Where Exactly Does That Premium Dollar Go?

“No American should ever have to spend their golden years at the mercy of insurance companies.”

That’s what President Obama said in his acceptance speech at the Democratic National Convention. He was trying to score a point off his opponent, Mitt Romney, whose Medicare plan includes “premium support” payments to seniors, with which they can purchase health insurance. The so-called “voucher” plan.

There are valid criticisms of a voucher plan—not the least one with no specifics in it so far—but I have to confess: when I heard this quote, I wasn’t thinking about those.

I was thinking, really?

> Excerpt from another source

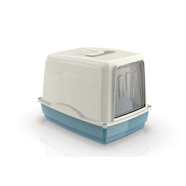 Georplast Vicky toalet za mačke je zatvorenog tipa, dizajniran da obezbedi maksimalnu higijenu i diskreciju. Posjeduje veliki ulaz sa vratima, što olakšava pristup mački i smanjuje prosipanje posipa. Zahvaljujući poklopcu i ugrađenom filteru, toalet efikasno zadržava neprijatne mirise, čime se održava svežina u prostoru. Izrađen je od kvalitetne plastike i dostupan u više boja.

Insurance companies are still the villains?

I guess I’d hoped—now that we’re past all the rhetoric used to enact health reform, now that the individual mandate has been ruled constitutional, and now that insurance companies are shouldering a great deal of the burden of getting more Americans covered—we’d be done with this easy scapegoating.

Nope. So let me reiterate (or is there another word for saying something again that you’ve said a thousand times?): if your premiums are up, it’s because costs are up. It’s not because insurance companies are profiting.

I try to make it a point to ask people in different settings what they think insurer profits are. The persistent belief—from Medicare recipients to community health advocates to Congressional staffers—is almost always high. But the reality is almost always low.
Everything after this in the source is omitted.